All eyes have turned to South Dakota Gov. Dennis Daugaard following the state Senate’s decision to approve legislation banning transgender students from using public school bathrooms and locker rooms that align with their gender identities.
Lawmakers in the Republican-controlled state Senate voted 20-15 Tuesday night to pass House Bill 1008 — one of four anti-LGBT measures introduced in South Dakota this session and part of a raft of anti-LGBT legislation pending nationwide.
If it’s signed by Daugaard, a Republican, South Dakota would become the first state in the country to restrict access to public school restrooms and locker rooms based solely on a person’s “biological sex,” defined in this bill as “the physical condition of being male or female as determined by a person’s chromosomes and anatomy as identified at birth.” The legislation entitles transgender students, who identify with a gender that differs from the one assigned to them at birth, to a “reasonable accommodation” — which could include a single-stall, unisex, or faculty restroom.
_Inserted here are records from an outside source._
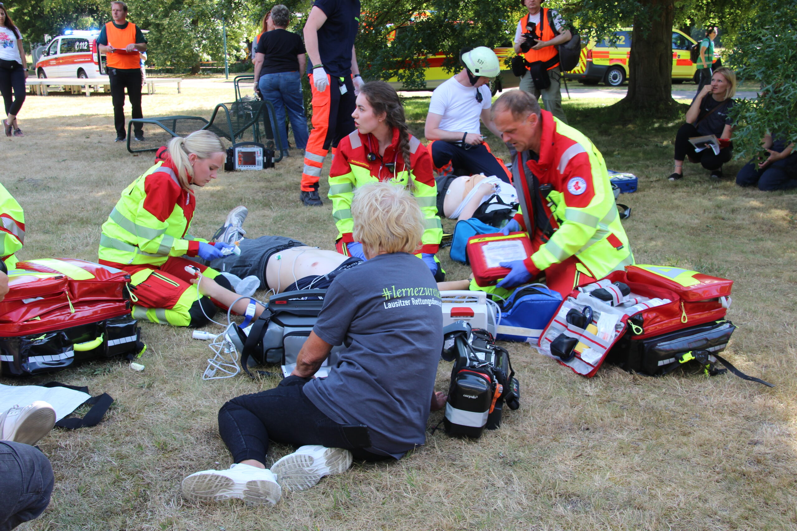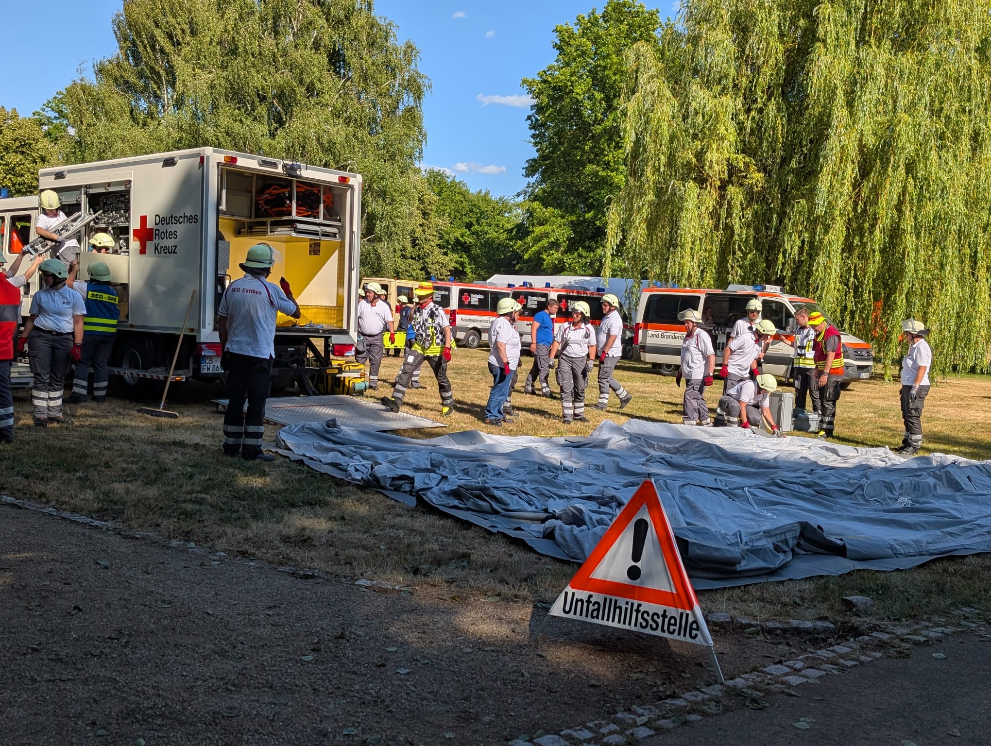 Im Cottbus Spreeauenpark ist am Freitag, 04.07.2025, ein umfangreiches Katastrophenschutz-Szenario abgearbeitet worden. Hunderte Einsatzkräfte hatten 93 „verletzte“ Personen zu sichten, zu versorgen sowie in die Medizinische Universität – Carl Thiem (MUL – CT) zu transportieren. Insgesamt waren ca. 500 Beteiligte als Mimen oder Rettungs- bzw. Unterstützungskräfte im Einsatz.
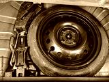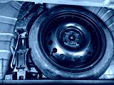 The vehicle trunk features a compact spare tire and a jack compartment specifically designed for emergency situations, ensuring you are prepared for unexpected tire issues during your travels
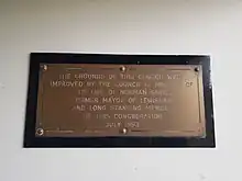 - “THE GROUNDS OF THIS CHURCH WERE IMPROVED BY THE COUNCIL IN MEMORY OF THE LIFE OF NORMAN SMITH, FORMER MAYOR OF LEWISHAM AND LONG STANDING MEMBER OF THIS CONGREGATION. JULY 1993”.[23]
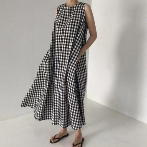이쁘다요 빅사이즈 체크 롱 원피스 민소매 WFLMEVF

But all of those options, transgender students say, stigmatizes and discriminates against them.
Related: Anti-trans bill on the brink of becoming law in South Dakota
“If I were a kid in South Dakota today, I probably wouldn’t survive into adulthood,” said ACLU staff attorney Chase Strangio, who is trans, in a tweet. “HB 1008 threatens our community.”
The bill’s proponents have said the measure is intended to protect students’ privacy in the wake of the Department of Education’s 2014 decision to interpret discrimination based on gender identity as a form of sex discrimination, which is prohibited under Title IX of the 1972 Education Amendments. A number of Republican lawmakers who supported the bill said the federal government had overstepped its authority with that interpretation. But opponents argued that it was legislation like HB 1008 — not the Obama administration — that had overreached.